[[ Material provided open ]]

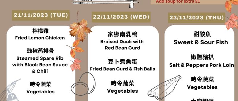 下星期菜單準備好了!當天上午11:30前記得 WhatsApp 07724 828778 留位啦! The latest Lunch Menu is ready! Remember to WhatsApp 07724 828778 and reserve your seat before 11:30 am on the day. 21/11/2023 (星期二 Tue)檸檬雞 Fried Lemon Chicken豉椒蒸排骨 Steamed Spare Rib with Black Bean Sauce & Chili時令蔬菜 Vegetables大廚靚湯 Soup of the Da 22/11/2023 (星期三 Wed)家鄉南乳鴨 Braised Duck with Red Bean Curd豆卜煮魚蛋…
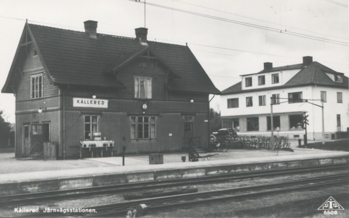Avfotograferat vykort "Kållered Järnvägsstationen" 1950-tal. Till höger ses Svenssons affärshus och villa. I förgrunden ses järnvägsspår.
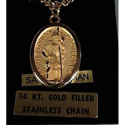 St Florian Medal with chain 14 KT. Gold filled, stainless chain
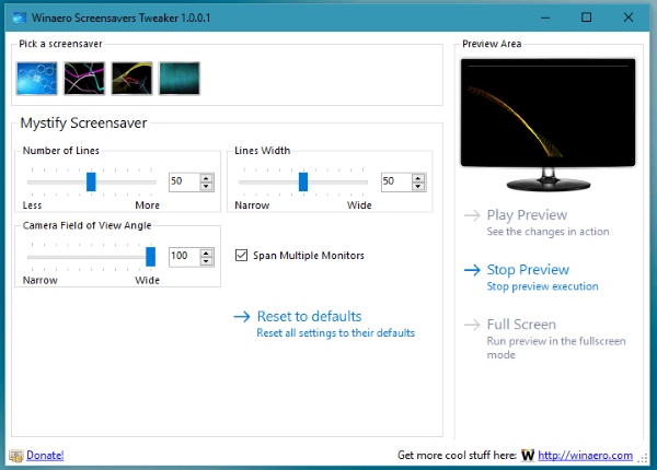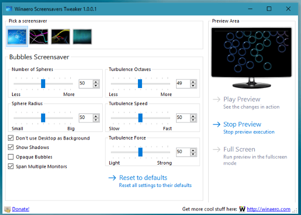 Winaero Screensavers Tweaker - программа для изменения скрытых настроек стандартных скринсейверов Windows Vista, 7, 8, 10.

[[ Material provided closed ]]

Exercise description: Repeat the listing exactly, minus its pictures.

Answer to this problem:
 下星期菜單準備好了!當天上午11:30前記得 WhatsApp 07724 828778 留位啦! The latest Lunch Menu is ready! Remember to WhatsApp 07724 828778 and reserve your seat before 11:30 am on the day. 21/11/2023 (星期二 Tue)檸檬雞 Fried Lemon Chicken豉椒蒸排骨 Steamed Spare Rib with Black Bean Sauce & Chili時令蔬菜 Vegetables大廚靚湯 Soup of the Da 22/11/2023 (星期三 Wed)家鄉南乳鴨 Braised Duck with Red Bean Curd豆卜煮魚蛋…
Avfotograferat vykort "Kållered Järnvägsstationen" 1950-tal. Till höger ses Svenssons affärshus och villa. I förgrunden ses järnvägsspår.
 St Florian Medal with chain 14 KT. Gold filled, stainless chain
 Winaero Screensavers Tweaker - программа для изменения скрытых настроек стандартных скринсейверов Windows Vista, 7, 8, 10.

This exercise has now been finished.